Work required - Starting at the first line of the listing below, repeat each line exactly until you have repeated the one containing "各省份對購買使用殺蟲燈的財政"; skip the pictures.

Source records -
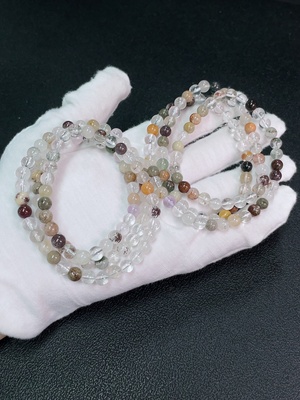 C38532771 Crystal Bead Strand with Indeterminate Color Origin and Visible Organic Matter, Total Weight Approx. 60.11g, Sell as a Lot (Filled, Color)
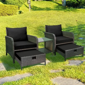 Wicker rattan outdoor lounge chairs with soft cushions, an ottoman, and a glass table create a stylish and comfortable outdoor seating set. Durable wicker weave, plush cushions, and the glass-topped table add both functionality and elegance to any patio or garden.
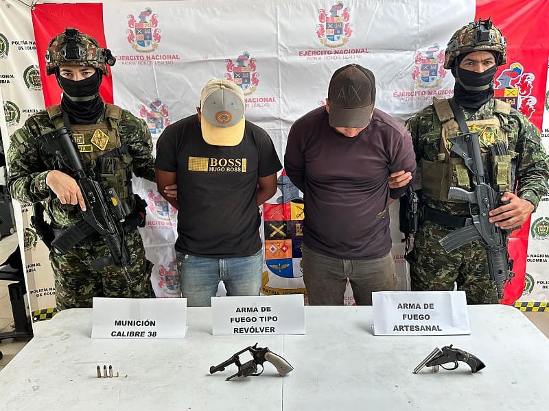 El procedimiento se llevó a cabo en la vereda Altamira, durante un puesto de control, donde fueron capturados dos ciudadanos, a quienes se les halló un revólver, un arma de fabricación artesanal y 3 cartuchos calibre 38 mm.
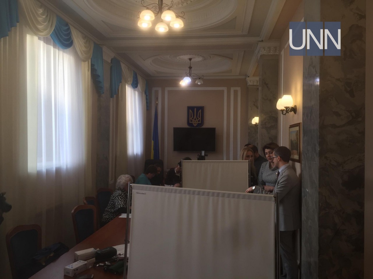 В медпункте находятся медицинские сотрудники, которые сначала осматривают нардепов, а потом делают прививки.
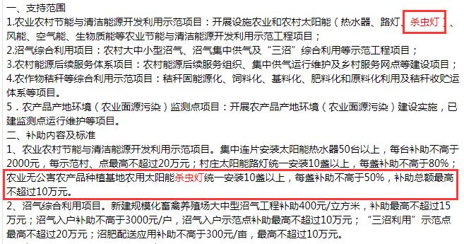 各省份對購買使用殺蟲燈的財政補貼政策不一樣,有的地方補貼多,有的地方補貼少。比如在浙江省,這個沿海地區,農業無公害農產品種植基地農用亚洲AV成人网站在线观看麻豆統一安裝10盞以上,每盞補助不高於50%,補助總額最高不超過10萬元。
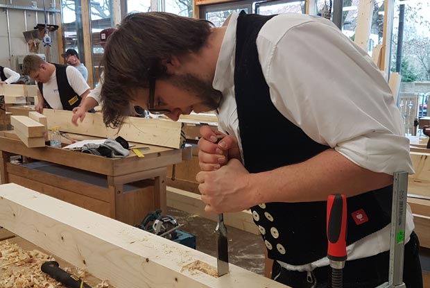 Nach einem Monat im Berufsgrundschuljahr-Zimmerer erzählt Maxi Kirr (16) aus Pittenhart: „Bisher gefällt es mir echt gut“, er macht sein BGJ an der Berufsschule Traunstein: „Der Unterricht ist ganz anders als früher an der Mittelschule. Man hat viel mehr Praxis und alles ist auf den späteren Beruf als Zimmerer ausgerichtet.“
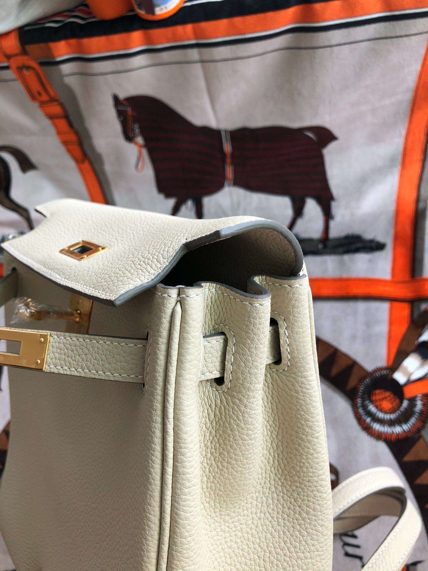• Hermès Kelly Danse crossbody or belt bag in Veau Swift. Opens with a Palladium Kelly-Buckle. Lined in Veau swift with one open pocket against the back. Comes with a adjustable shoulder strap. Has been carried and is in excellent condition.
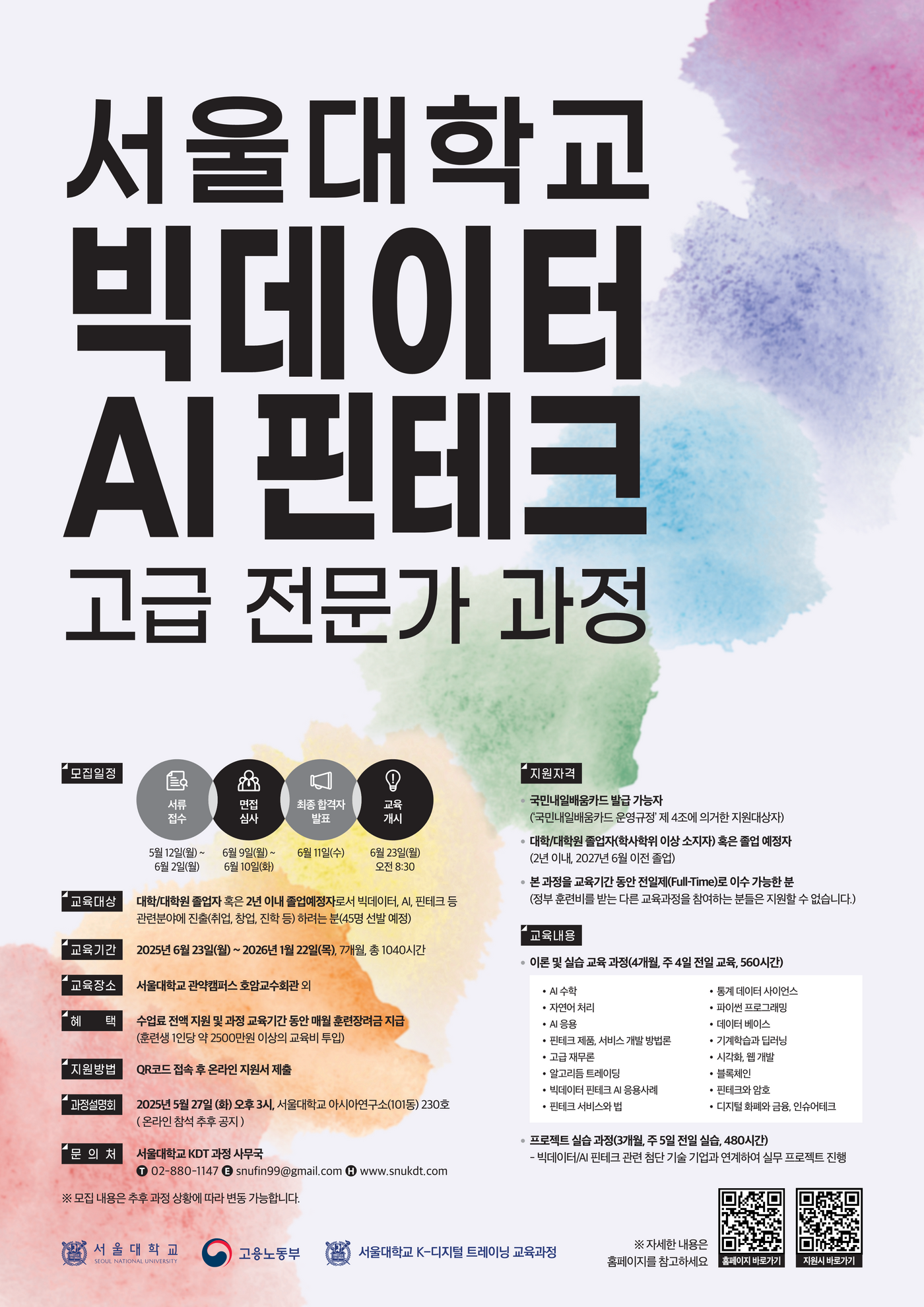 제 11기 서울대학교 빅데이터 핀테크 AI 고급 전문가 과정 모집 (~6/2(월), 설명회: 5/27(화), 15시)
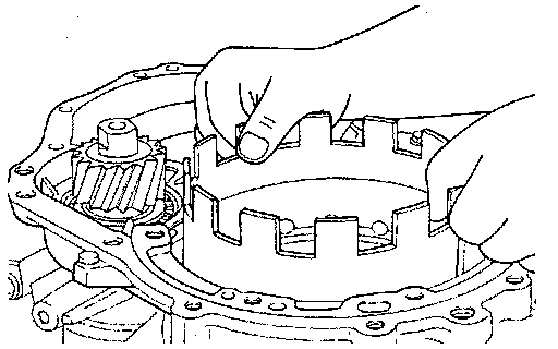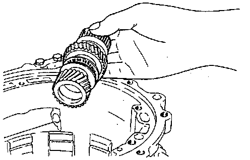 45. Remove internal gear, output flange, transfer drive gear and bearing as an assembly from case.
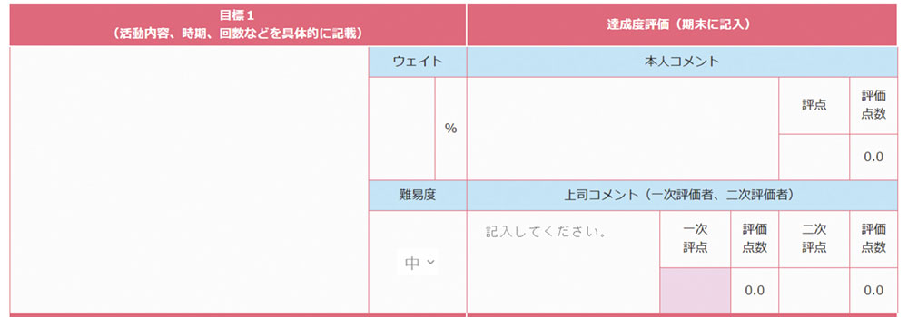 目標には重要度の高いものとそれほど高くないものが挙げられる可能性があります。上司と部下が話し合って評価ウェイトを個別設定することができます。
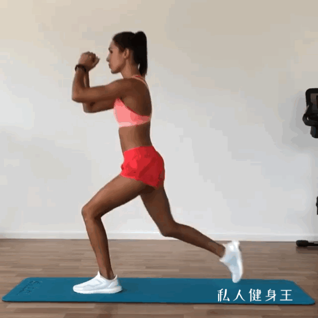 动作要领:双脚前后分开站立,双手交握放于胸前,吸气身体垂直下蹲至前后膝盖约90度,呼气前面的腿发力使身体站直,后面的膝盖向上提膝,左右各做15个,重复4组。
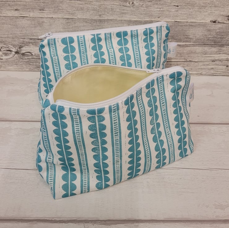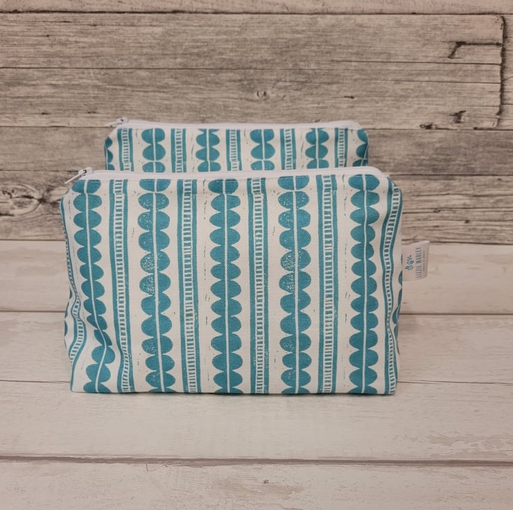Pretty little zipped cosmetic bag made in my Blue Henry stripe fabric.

Solution for this problem -
 C38532771 Crystal Bead Strand with Indeterminate Color Origin and Visible Organic Matter, Total Weight Approx. 60.11g, Sell as a Lot (Filled, Color)
 Wicker rattan outdoor lounge chairs with soft cushions, an ottoman, and a glass table create a stylish and comfortable outdoor seating set. Durable wicker weave, plush cushions, and the glass-topped table add both functionality and elegance to any patio or garden.
 El procedimiento se llevó a cabo en la vereda Altamira, durante un puesto de control, donde fueron capturados dos ciudadanos, a quienes se les halló un revólver, un arma de fabricación artesanal y 3 cartuchos calibre 38 mm.
 В медпункте находятся медицинские сотрудники, которые сначала осматривают нардепов, а потом делают прививки.
 各省份對購買使用殺蟲燈的財政補貼政策不一樣,有的地方補貼多,有的地方補貼少。比如在浙江省,這個沿海地區,農業無公害農產品種植基地農用亚洲AV成人网站在线观看麻豆統一安裝10盞以上,每盞補助不高於50%,補助總額最高不超過10萬元。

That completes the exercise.